OLS Regression Results
==============================================================================
Dep. Variable: ElectricityPrices R-squared: 0.509
Model: OLS Adj. R-squared: 0.508
Method: Least Squares F-statistic: 1034.
Date: Mon, 23 Dec 2024 Prob (F-statistic): 3.21e-156
Time: 09:55:40 Log-Likelihood: -3824.2
No. Observations: 1000 AIC: 7652.
Df Residuals: 998 BIC: 7662.
Df Model: 1
Covariance Type: nonrobust
=============================================================================================
coef std err t P>|t| [0.025 0.975]
---------------------------------------------------------------------------------------------
const 0.9002 0.709 1.269 0.205 -0.492 2.292
FittedWindPowerProduction 1.9563 0.061 32.149 0.000 1.837 2.076
==============================================================================
Omnibus: 0.082 Durbin-Watson: 2.015
Prob(Omnibus): 0.960 Jarque-Bera (JB): 0.119
Skew: -0.020 Prob(JB): 0.942
Kurtosis: 2.964 Cond. No. 23.7
==============================================================================
Notes:
[1] Standard Errors assume that the covariance matrix of the errors is correctly specified.
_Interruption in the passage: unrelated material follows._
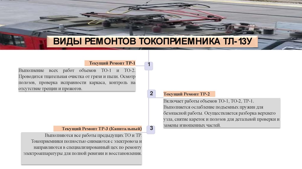 ВИДЫ РЕМОНТОВ ТОКОПРИЕМНИКА ТЛ-13УТекущий Ремонт ТР-1

Comparing Estimation Results#
Let’s now compare the results obtained with the naive approach, ignoring the presence of confounders, and the 2SLS modelling.
# Extract coefficients and standard errors
ols_coef = ols_model.params.iloc[1]
ols_se = ols_model.bse.iloc[1]
second_stage_coef = second_stage_model.params.iloc[1]
second_stage_se = second_stage_model.bse.iloc[1]
# Plot the comparison
labels = ['OLS', '2SLS']
coefficients = [ols_coef, second_stage_coef]
errors = [ols_se, second_stage_se]
plt.figure(figsize=(5, 5), dpi=100)
plt.bar(labels, coefficients, yerr=errors, capsize=10, color=['m', 'c'], alpha=0.6)
plt.axhline(y=true_effect, color='k', linestyle='--', lw=3, alpha=0.8, label='True effect')
plt.ylabel('Coefficient of Wind Power Production')
plt.title('Comparison of OLS and 2SLS Estimates')
plt.legend()
plt.show()

We can now see tha simply using a model on all the observed variables leads us to a biased estimate. Instead, using 2SLS we can get much closer to the real effect.